DENV detection was performed using the GoTaq
® 1-Step RT-qPCR System (Promega, Madison, WI, USA) following the method described by Johnson et al. [
26]. Primers targeting the CprM region are shown in
Table S1. Quantitative detection was performed on the Applied Biosystems QuantStudio™ 3 Real-Time PCR System (Thermo Fisher Scientific, Shanghai, China) in 20 μL reaction volumes. The thermal cycling conditions were: reverse transcription at 45 °C for 15 min, enzyme activation at 95 °C for 2 min, followed by 45 cycles of 95 °C for 15 s and 60 °C for 30 s. Each run included a positive control (standard plasmid) and a negative control (no-template control). All experiments were performed in triplicate.

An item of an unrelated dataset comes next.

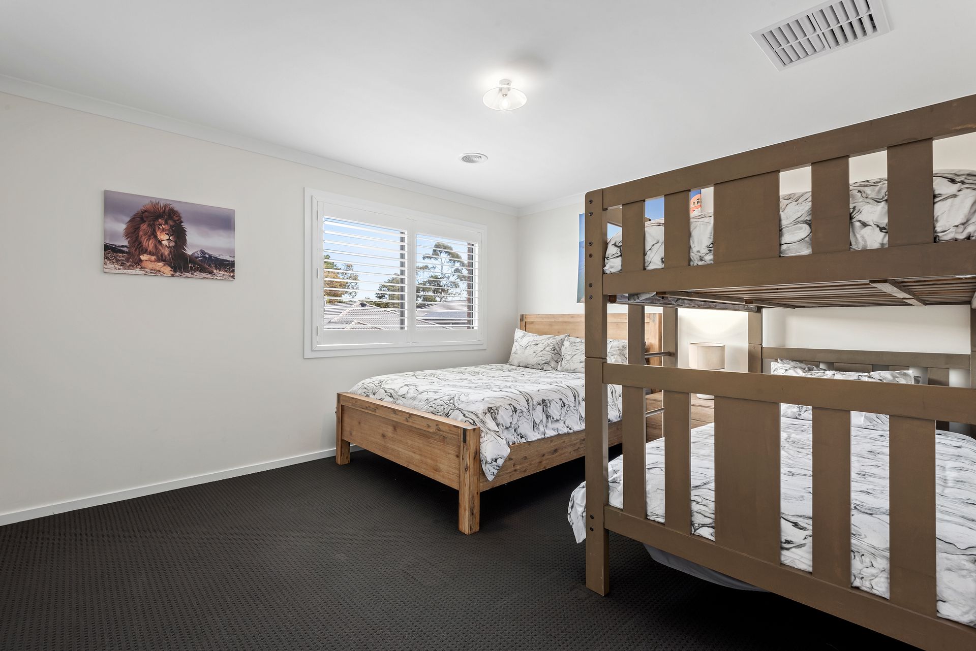 This well designed home boasts a generously proportioned master bedroom featuring an ensuite equipped with a claw bath and shower. Accommodating various preferences, the home includes two bedrooms furnished with queen beds and further bedroom with king single bunks and an additional queen bed.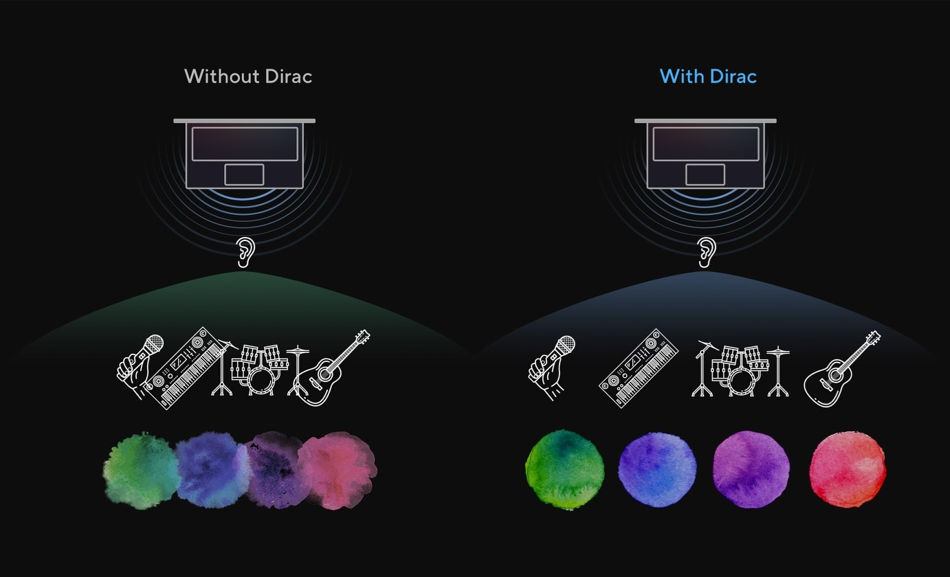 System audio, zaprojektowany we współpracy z ekspertami z firmy Dirac, dostarcza czyste, zbalansowane i wciągające brzmienie. Doświadcz szerszej sceny dźwiękowej, która uwalnia pełen potencjał audio Twojego laptopa podczas oglądania filmów, słuchania muzyki i w trakcie wideokonferencji.

2.4. Determination of LOD for AIV and DENV RT-qPCR Assays
The limits of detection (LOD) for the AIV and DENV RT-qPCR assays were determined using serial dilutions of pseudoviruses. For AIV, pseudoviruses with five different HA genes (Diff-BioTech, Shanghai, China), representing the M, H1, H5, H7, H9, and H10 genes, were used in serial dilution. For DENV, serial dilutions of DENV pseudoviruses (Zhongke Kaipu Biotechnology Co., Ltd., Wuhan, China) were employed.
Spiking experiments were performed by adding pseudoviruses at different concentrations (1 to 20 copies/μL) to AIV-negative or DENV-negative surface water samples, with 20 replicates for each concentration. The LOD was defined as the lowest concentration at which ≥95% of replicates tested positive. The 95% LOD was determined using probit analysis. Probit values were calculated using Microsoft Excel® (Microsoft Corporation, Redmond, WA, USA) and plotted against the log10-transformed concentration data. The 95% LOD was then calculated from the regression equation corresponding to a probability of 0.95 (equivalent to a probit value of 1.64).
2.5. Collection of Fresh Bird Feces and RNA Extraction
Fresh fecal samples (
n = 40) were collected weekly within a 3 km radius of positive sampling site (
Figure S1). The feces originated from five wild bird species (Eurasian Hobby (
Falco subbuteo), Oriental Magpie-Robin (
Copsychus saularis), mallard duck (
Anas platyrhynchos), Ruddy Shelduck (
Tadorna ferruginea), Jungle crow (
Corvus levaillantii)) and domestic chicken. Fresh feces from migratory birds were sampled from grass blades. The samples were collected early in the morning to minimize UV degradation. Fresh droppings were collected only when a single species was present, as confirmed by field surveys. For each sample, droppings from the same species were pooled to provide sufficient material, resulting in a final sample size of 1 g. The fecal samples were collected using a spoon and placed in a 15 mL sterile Falcon tube containing 2 mL of isotonic solution consisting of composed saline (PBS) with 50% glycerol, penicillin (10,000 U/mL), gentamicin (250 mg/mL), and nystatin (2500 U/mL). All samples were placed in sterile containers and transported to the laboratory in Chattogram Veterinary and Animal Sciences University on ice within 24 h of collection. Viral RNA was extracted from bird feces using QIAamp
® Viral RNA (QIAGEN, Hilden, Germany) according to the manufacturer’s instructions. The presence and subtyping of the AIV was conducted by RT-qPCR as detailed in above section.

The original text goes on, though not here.